Chacun des systèmes de réparation de l’ADN est donc constitué de complexes multiprotéiques qui sont chargés de repérer les séquences comprenant des erreurs et de les éliminer. L’action de ces systèmes de réparation se produit avant la transition G1/S qui constitue l’une des étapes critiques du cycle cellulaire, puisqu’il correspond au moment de la réplication de l'ADN (Kastan MB et al., 1991) et avant la mitose. La combinaison de l’activation d’oncogènes, l’inactivation de gènes suppresseurs de tumeur et l’échec du système de réparation de l’ADN, sont responsables de la prolifération cellulaire incontrôlée à l'origine des cancers.

4-2 La signalisation cellulaire:

Une tumeur est une néoformation nécessitant une multiplication cellulaire toujours active ; le support de la malignité des cancers est lié à leur aptitude à se disséminer dans l’organisme ; la capacité de survie est une nécessité pour les cellules tumorales. Toutes les voies de signalisation impliquées dans la prolifération et la différenciation, dans l’adhésion et la migration, dans la survie et la mort, pourront servir de support à des altérations oncogéniques.

Les voies de signalisation sont constituées de protéines interagissant les unes avec les autres en séquences ordonnées. Certaines de ces protéines ont des fonctions catalytiques (en particulier des phosphorylations et des déphosphorylations, assurées respectivement par des kinases et des phosphatases). Elles sont redondantes et interconnectées; il arrive qu’un message que l’on empêche d’aboutir en bloquant une voie donnée puisse quand même être transmis par l’intermédiaire d’une autre voie où en empruntant un chemin détourné. C’est là l’une des principales causes de la résistance aux thérapies ciblées, l’autre étant représentée par les mutations survenant au niveau des cibles thérapeutiques. Ce circuit complexe est résumé

dans la figure 5, ainsi on peut dire que le cancer est principalement une maladie de la signalisation cellulaire.

Figure-5 : signalisation cellulaire et cancer, les gènes reconnus pour être altérés dans les cellules cancéreuses sont marqués en rouge (hanahan and weinberg 2000).
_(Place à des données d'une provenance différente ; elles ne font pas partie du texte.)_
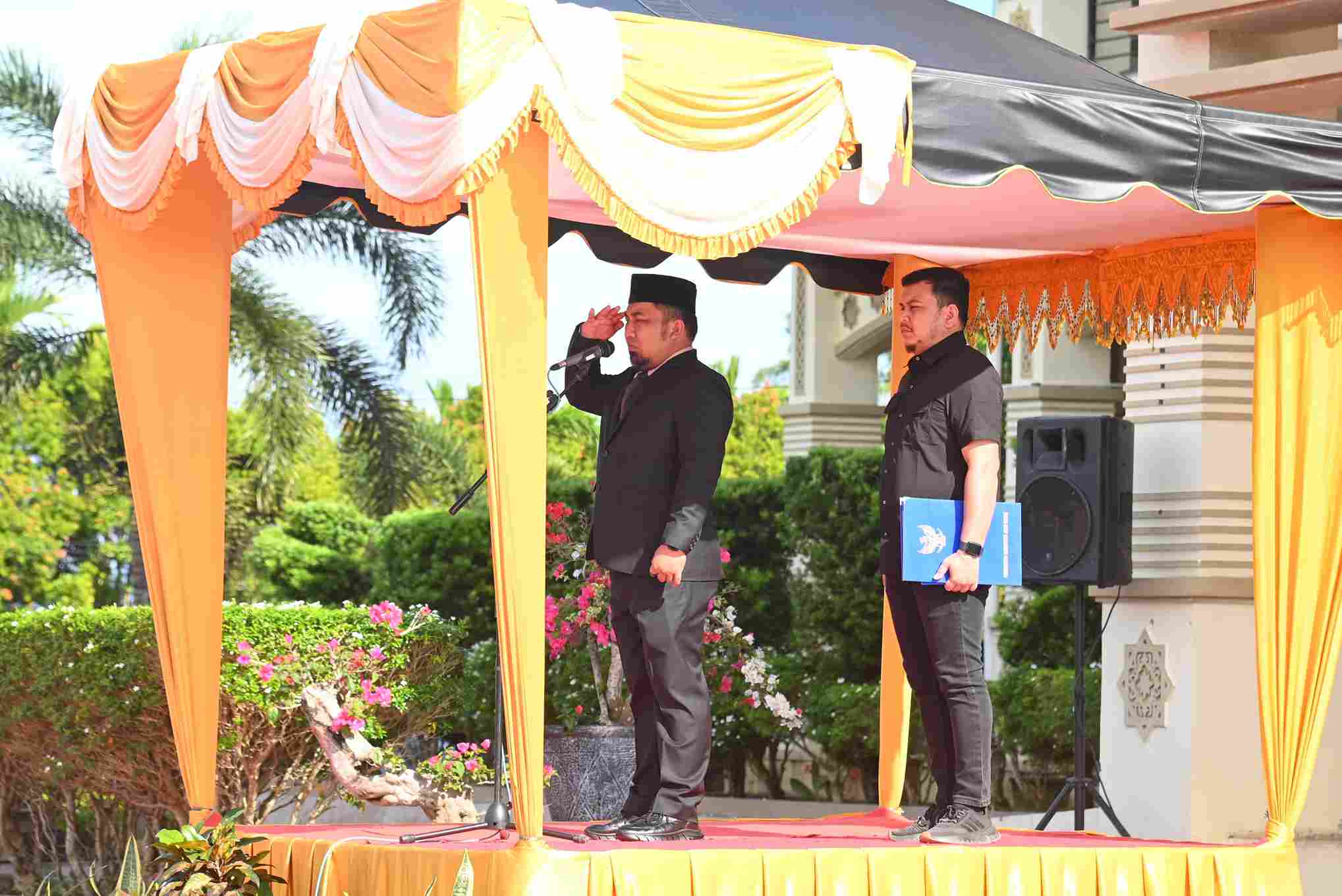 Penjabat (Pj) Bupati Aceh Besar Muhammad Iswanto SSTP MM bertindak sebagai Inspektur Upacara.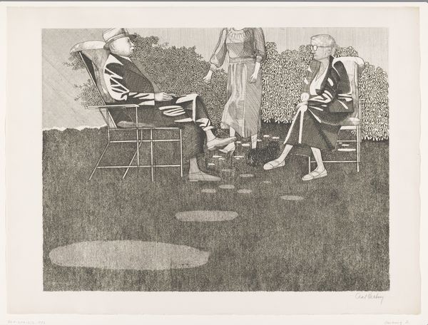 Editor: We're looking at Clara Gardner Mairs' "Negro Wedding" from around 1938, a print made with ink on paper. The dark figures against the textured background create an intriguing visual rhythm. What jumps out to you as you examine the piece? Curator: Immediately, the stark contrasts command attention, wouldn't you agree? The composition exhibits a deliberate orchestration of light and shadow. Consider the formal interplay between the solid black figures and the areas of fine, almost granular, texture created by the etching technique. Editor: It does seem quite deliberate. The textures definitely guide my eye around the composition. Can you elaborate on what the contrast adds to the meaning? Curator: The high contrast creates an overall mood that’s unsettling yet fascinating. The figures are presented in silhouette, obscuring their features. Without details, their expressions become ambiguous and generalized. The textures—the speckled floor, the lace of the dress, the curtain—add both visual interest and depth to an otherwise flattened picture plane. The figures almost become formal devices that balance and support each other, a marriage of abstract forms to convey a narrative. Editor: It’s fascinating to consider the piece primarily in terms of form and texture. How do you move past the immediate impact of the figures and the implied narrative? Curator: By focusing on the objective elements—line, shape, and tonal range. Note the repeated motifs: circles, rectangles, and triangles that are dispersed rhythmically. We must ask ourselves: what purpose does such a structured system serve within this representational image? Ultimately, Mairs created a powerful study in balancing tonal harmony with inherent formal contradictions. Editor: So by focusing on these visual components, we begin to see it as an act of structured contrasts, playing with darkness and light rather than a simple scene. Curator: Precisely. We’ve come to view the wedding not merely as a depicted event, but as an artful synthesis of carefully balanced formal devices and skillful artistry.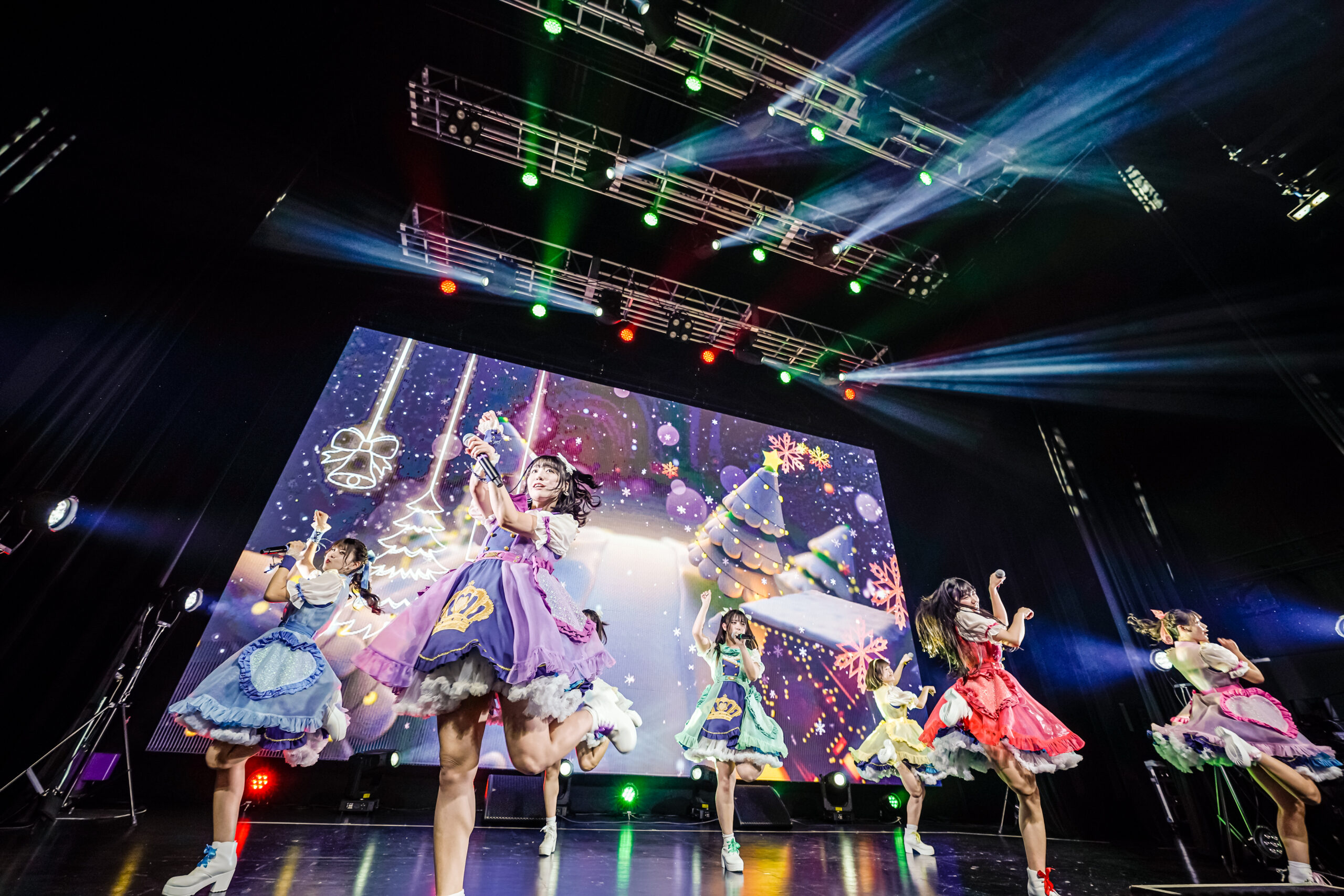 哀切なメロディーに美しいユニゾンが溶け合うせつなポップチューン「恋コガレ」、雪の結晶が舞い散る映像をバックにメンバーそれぞれが迸るような感情を歌に乗せる「さよなら流星群」、指先まで神経を行き届かせた振り付けとカラフルなフォーメーションで高揚感を演出するクリスマスソング「恋のプリンセチア」と、秋から冬にピッタリなナンバーを立て続けに披露して、ロマンティックな空間を構築する。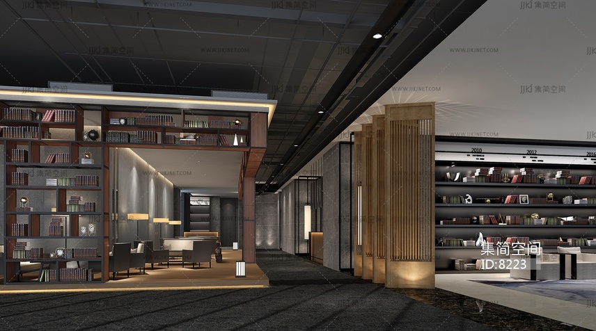 066-1022中式图书阅览室 3d模型下载 [模型ID:8223]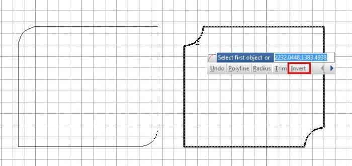 Abrunden im umgekehrten Modus hat eine sehr breite Palette der Verwendung insbesondere im Bau- und Möbelindustrie. Der Befehl FILLET unterstützt jetzt eine neue Option – Invert. Sie können mithilfe dieser Option ein entgegengesetztes Abrunden erstellen.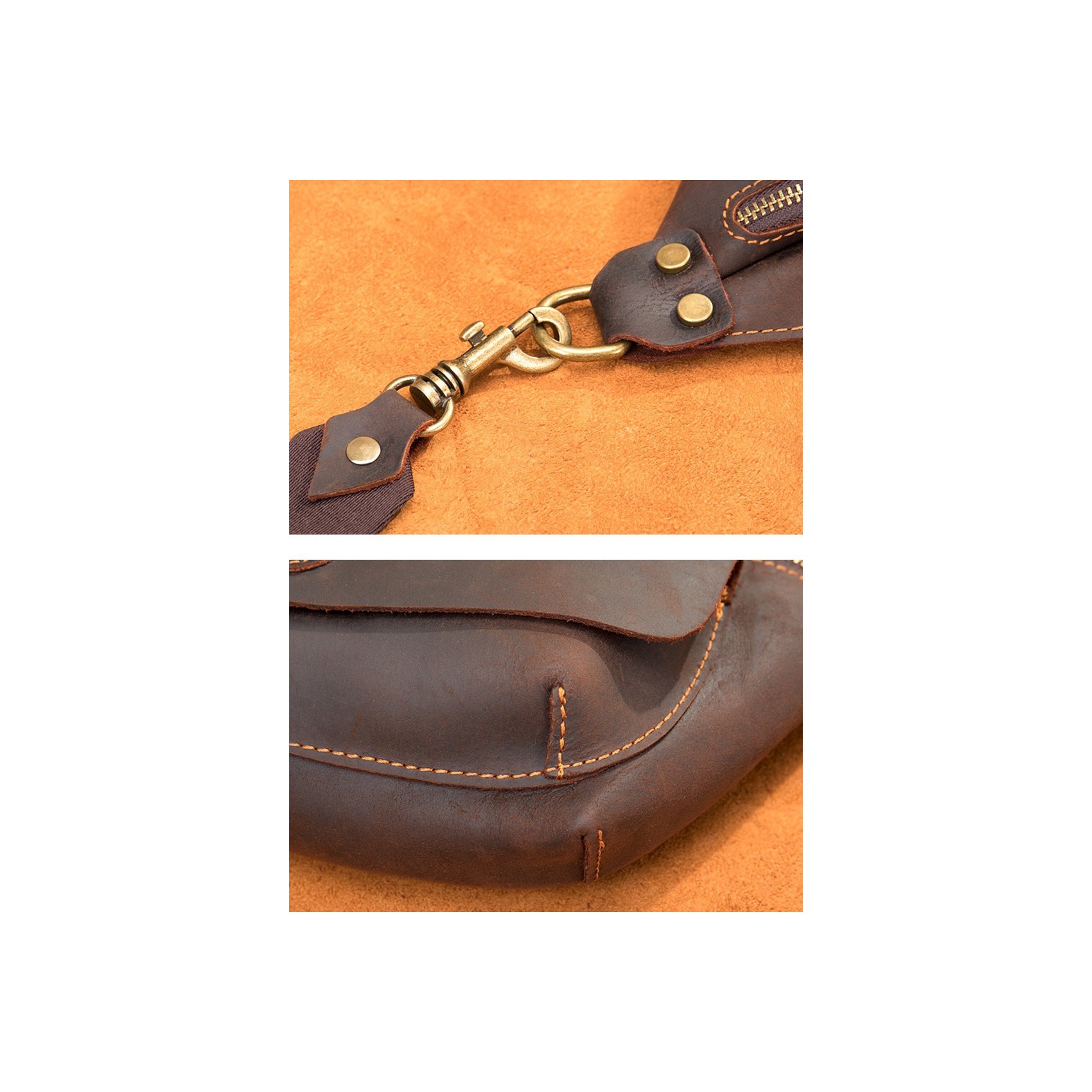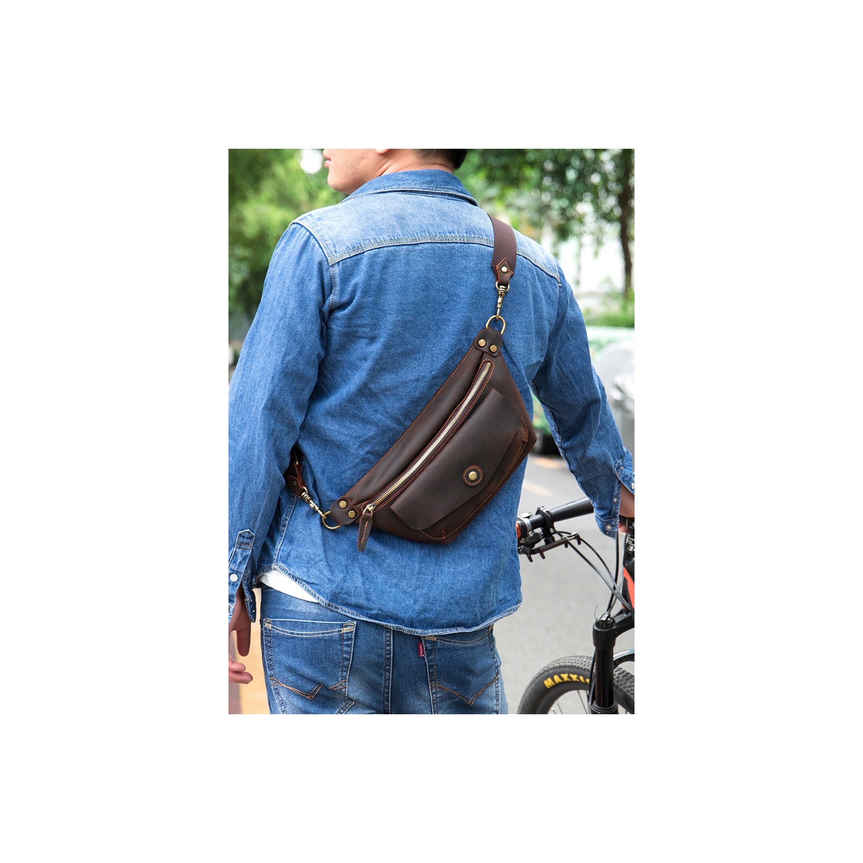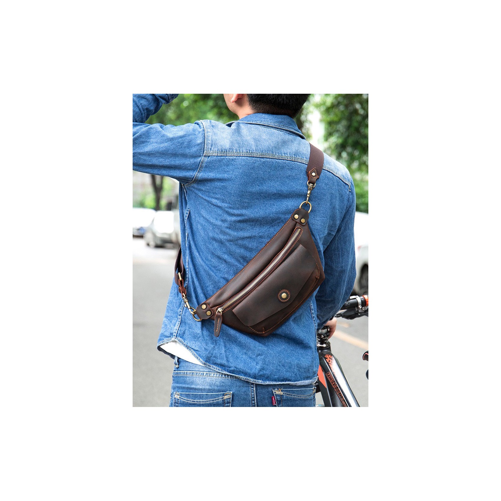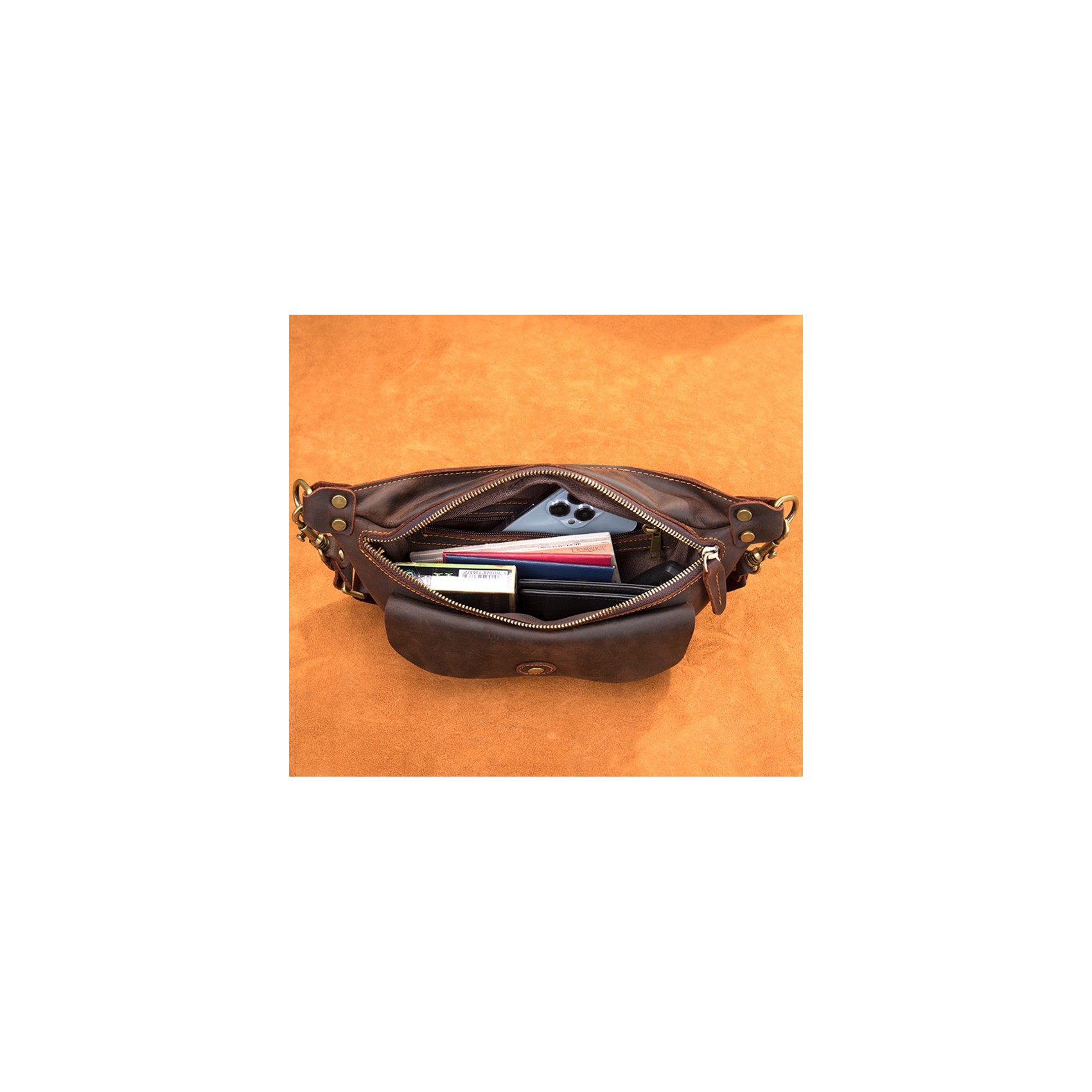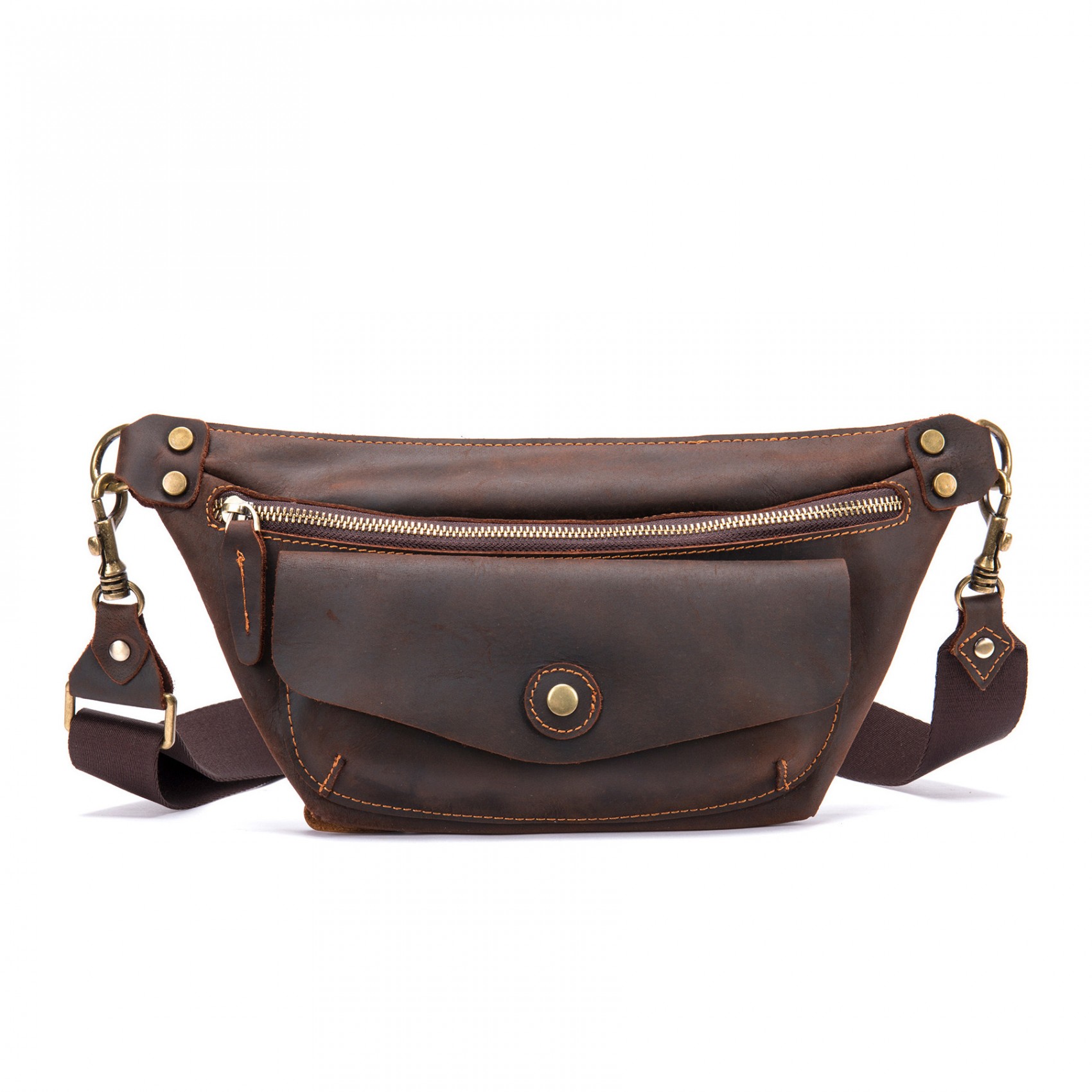 Темно-коричневая сумка бананка на поясе изготовлена из высококачественной натуральной кожи. Она имеет большой передний карман, закрывающийся на кнопке-магните, и основной отдел на молнии. Внутри расположен небольшой карман на молнии для мелочей. Все детали выполнены из качественной фурнитуры, что придает сумке стильный и оригинальный вид.

4-3 Le microenvironnement tumoral:

Longtemps limitée au domaine de l’immunologie, l’étude du microenvironnement tumoral prend aujourd’hui en considération les différents éléments entourant la cellule tumorale et les interactions structurales et fonctionnelles entre ces partenaires. Le microenvironnement « normal » est complexe et dynamique. Sa composante cellulaire englobe toutes les cellules avoisinantes : les cellules adjacentes appartenant au même tissu et les cellules résidant dans leur environnement direct (fibroblastes, cellules vasculaires, cellules dendritiques, cellules du système immunitaire, etc.). Ces cellules baignent dans la matrice extracellulaire (MEC), qui est un élément déterminant du microenvironnement. C’est en interagissant avec les composants de la MEC que la cellule peut s’ancrer à une localisation particulière ou au contraire, migrer et se déplacer. Le microenvironnement des cellules tumorales est connu sous le nom de stroma tumoral (Figure 6).

Figure-6 : Les cellules du microenvironnement (adaptée de Hanahan and Weinberg, 2011).

Il diffère « normal » par la composition biochimique de la MEC et surtout par le fait que les populations cellulaires du stroma (fibroblastes, cellules endothéliales, cellules immunes, etc.), bien que non transformées, sont subverties et contrôlées par les cellules tumorales pour répondre à leurs propres besoins. En particulier, les fibroblastes peuvent être activés par des facteurs de croissance tels que le TGFß (transforming growth factor ß), des chimiokines telles que MCP1 (monocyte chemotactic protein 1) et/ou des protéases dégradant la MEC, ce qui conduit à une augmentation de leur potentiel de prolifération et à une sécrétion accrue de protéines de la MEC comme les collagènes de type I, la ténascine C et la fibronectine. Ces fibroblastes activés sont appelés CAF, pour « fibroblastes associés aux cancers » (cancer-associated fibroblasts). Les deux processus, cancérisation et perturbation du microenvironnement, sont intimement liés : l’un participant au développement et au maintien de l’autre, et vice versa.